Once purified water is mixed with dialysate concentrate, its conductivity increases, since water that contains charged ions conducts electricity. During dialysis, the conductivity of dialysis solution is continuously monitored to ensure that the water and dialysate concentrate are being mixed in the proper proportions. Both excessively concentrated dialysis solution and excessively dilute solution can cause severe clinical problems.
Dialyzer membranes used to be made primarily of cellulose (derived from cotton linter). The surface of such membranes was not very biocompatible, because exposed hydroxyl groups would activate complement in the blood passing by the membrane. Therefore, the basic, "unsubstituted" cellulose membrane was modified. One change was to cover these hydroxyl groups with acetate groups (cellulose acetate); another was to mix in some compounds that would inhibit complement activation at the membrane surface (modified cellulose). The original "unsubstituted cellulose" membranes are no longer in wide use, whereas cellulose acetate and modified cellulose dialyzers are still used.

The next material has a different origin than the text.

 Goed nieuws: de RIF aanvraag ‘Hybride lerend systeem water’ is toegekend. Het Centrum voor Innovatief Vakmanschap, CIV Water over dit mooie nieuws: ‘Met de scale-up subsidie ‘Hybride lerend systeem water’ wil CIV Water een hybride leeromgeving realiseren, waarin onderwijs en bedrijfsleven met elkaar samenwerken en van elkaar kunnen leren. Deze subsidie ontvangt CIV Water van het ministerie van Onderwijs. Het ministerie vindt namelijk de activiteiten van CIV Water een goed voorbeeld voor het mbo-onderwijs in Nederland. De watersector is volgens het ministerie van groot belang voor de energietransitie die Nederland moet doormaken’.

Cellulosic membranes can be made in either low-flux or high-flux configuration, depending on their pore size.
Another group of membranes is made from synthetic materials, using polymers such as polyarylethersulfone, polyamide, polyvinylpyrrolidone, polycarbonate, and polyacrylonitrile. These synthetic membranes activate complement to a lesser degree than unsubstituted cellulose membranes. Synthetic membranes can be made in either low- or high-flux configuration, but most are high-flux.

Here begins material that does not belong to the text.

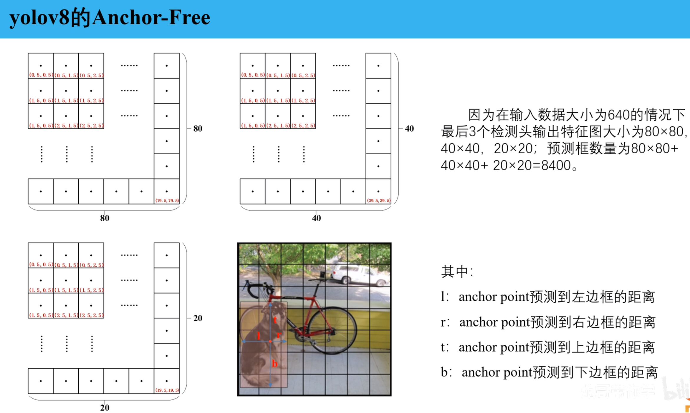 yolov8中预测框的输出是以anchor_point为基准的的,每一个anchor_point 都会输出一个预测框,一共是8080+4040+20*20个

Nanotechnology is being used in some of the most recent high-flux membranes to create a uniform pore size. The goal of high-flux membranes is to pass relatively large molecules such as beta-2-microglobulin (MW 11,600 daltons), but not to pass albumin (MW ~66,400 daltons). Every membrane has pores in a range of sizes. As pore size increases, some high-flux dialyzers begin to let albumin pass out of the blood into the dialysate. This is thought to be undesirable, although one school of thought holds that removing some albumin may be beneficial in terms of removing protein-bound uremic toxins.